The threat to Microsoft was the combination of Netscape, Java, and AOL, which were enough of an application platform to make the underlying operating system irrelevant, plus a distribution system that had people willing to feed dubious coasters into their home computers and a popular enough email system to compete with MSMail/Outlook. If the market got committed to that platform, and to compatibility with those standards, then it wouldn't matter if the underlying OS got replaced by Linux or Solaris or whatever.
By giving the public IE, and making sure that it wasn't quite compatible with Netscape and taking advantage of its proprietary or non-standard features, Microsoft was able to take over enough of the browser market that Netscape/Java/AOL couldn't displace them.
Re:Reports of IE9's death greatly exaggerated. (Score:5, Informative)
Apparently you didn't look hard enough.
From the article:
"IE is now a 39.53% in Europe and Firefox at 38.65%."
Unless you're using some new fangled kind of math, that's not double.

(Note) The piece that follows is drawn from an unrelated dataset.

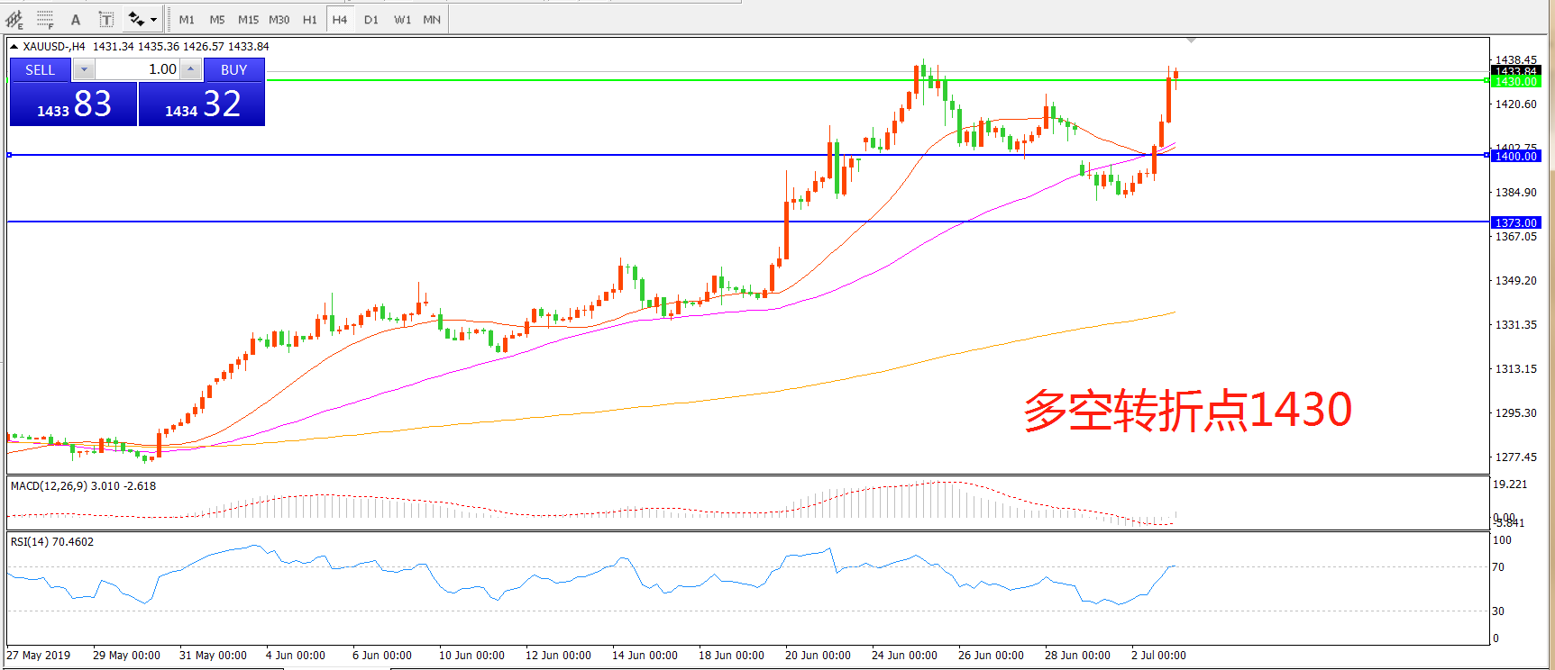 备选策略:在1430.00之上看跌,目标1400.00 1373.00

Is it worth saving? (Score:2, Insightful)
Seemingly not!
IE-only websites (Score:3, Interesting)
And yet just last week, a friend told me he couldn't make a filing with the Georgia Department of Revenue because "his browser was insecure." Nevermind that he was using the latest version of Safari, which is likely more secure than any version of IE.
What they actually meant was "we are too lazy to program for anything but IE... but that's OK, because 99% of the world uses IE... right?"
Re:IE-only websites (Score:5, Interesting)
And yet just last week, a friend told me he couldn't make a filing with the Georgia Department of Revenue because "his browser was insecure." Nevermind that he was using the latest version of Safari, which is likely more secure than any version of IE.
What they actually meant was "we are too lazy to program for anything but IE... but that's OK, because 99% of the world uses IE... right?"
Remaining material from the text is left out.